I know I shouldn’t laugh at anyone’s misfortune, but I can’t help it. News comes through from Chicago that sinister Canadian press baron Conrad Black has been convicted of fraud on an heroic scale, some $60m worth, and is facing a long sojourn in a minimum-security penitentiary. The lark is on the wing, the snail on the thorn, God in his heaven and all’s right with the world.
Yes, there are few things more delicious than the sight of punctured hubris. Conrad thought he was invincible, but he turned out to be bad, dangerous and off the wall. The mogul who strutted into the courtroom now has a very considerable amount of egg on his face. And who’s going to keep Barbara in shoes?

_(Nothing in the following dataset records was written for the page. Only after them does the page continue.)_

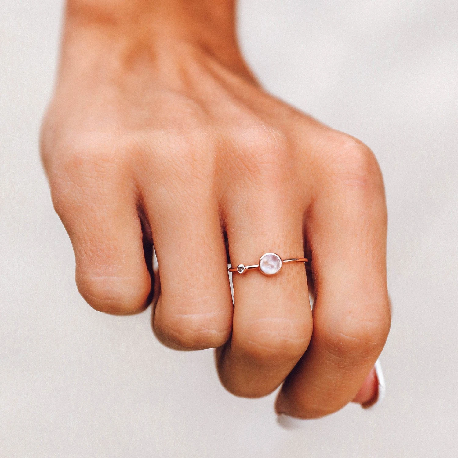 More is always more, especially when it comes to sparkling stones! Our Moonstone Double Stone Ring is set on a delicate rose gold band, and features both a teeny tiny crystal and a genuine moonstone gemstone (which is 100% unique!). Moonstone is known for sharpening your intuition, so you can trust your gut and look super chic.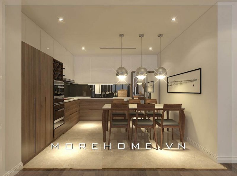 Thiết kế nội thất phòng bếp chung cư hiện đại đa năng
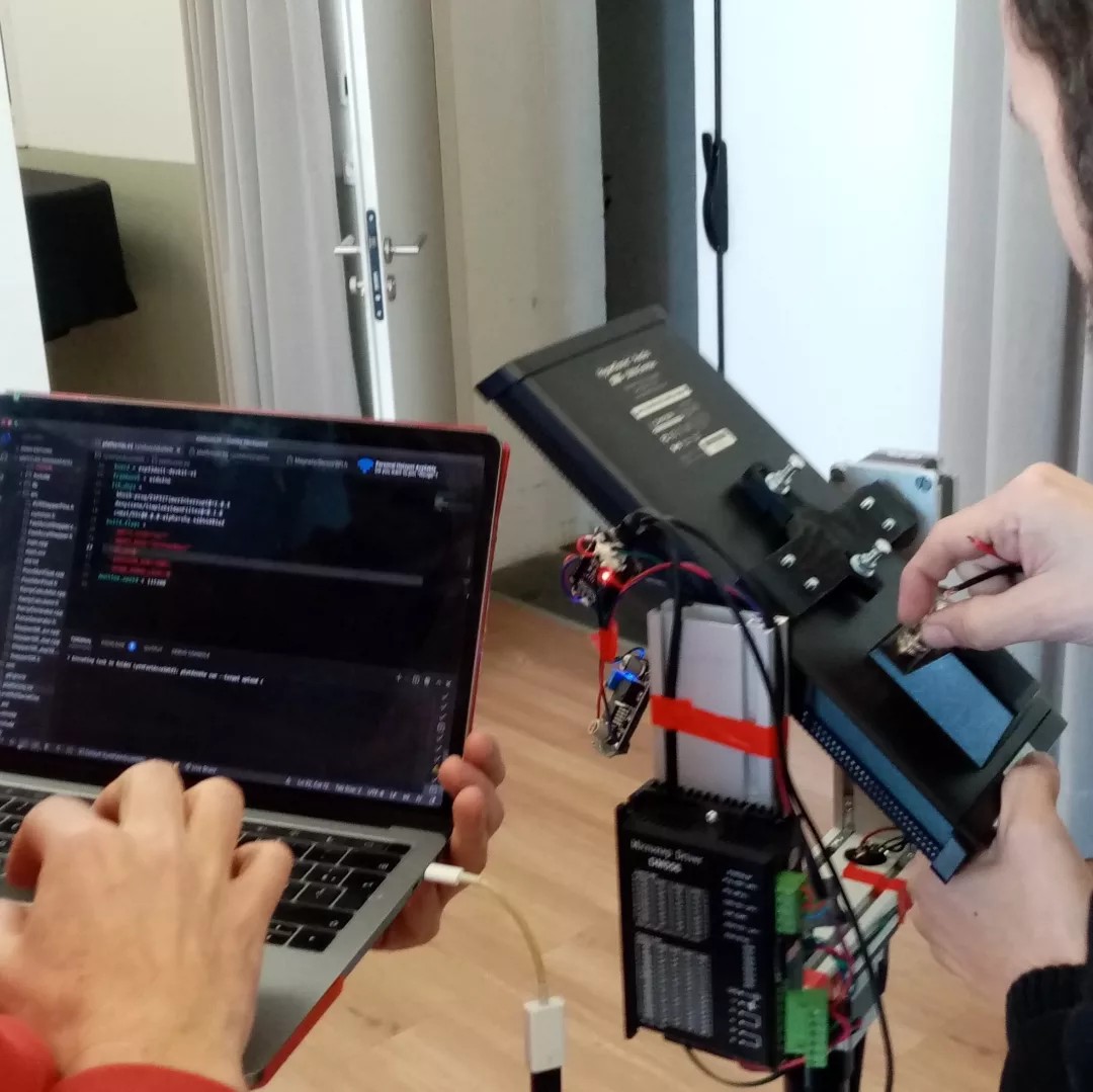 Nous avons rencontré Bertrand Wolff au G.M.E.M. où il est actuellement en résidence avec Guillaume Stagnaro, qui l’accompagne sur la conception de pieds motorisés visant à faire entrer les enceintes en mouvement. Habituellement utilisés de manière statique dans certains lieux publics pour diffuser des messages à l’attention des visiteurs, ces haut-parleurs directionnels vont ici générer des réverbérations variables en fonction de la surface vers laquelle ils seront tournés. D’où l’importance de déterminer en amont quels types de fonds résonnent le mieux, objectif de cette première phase de création. Au milieu des machines, des diodes et des câbles, nous avons eu la chance d’en apprendre davantage sur le travail de Bertrand et de découvrir cette sensation surprenante d’ « entendre l’espace ».

It’s worth remarking, too, that Conrad remains for the time being a lifetime member of the upper house of the British legislature, having given up his Canadian citizenship so he could swank about in an ermine robe with Mad Maggie. Mr Tony Blair, who appointed Conrad to the Lords, and William Jefferson Hague, who put his name forward, should be feeling like very silly men. True, there is some talk of stripping Conrad of his peerage, but unless I’m much mistaken Lord Archer still remains a legislator in good standing.
By the way, Conrad’s recently published hagiography of Nixon is quite the gripping read, if not entirely convincing in its rehabilitation of Tricky Dick. It’s none the less gripping for the reader’s suspicion that for much of the book Conrad is really writing about himself. I recommend to Conrad that he devote his enforced leisure time to writing.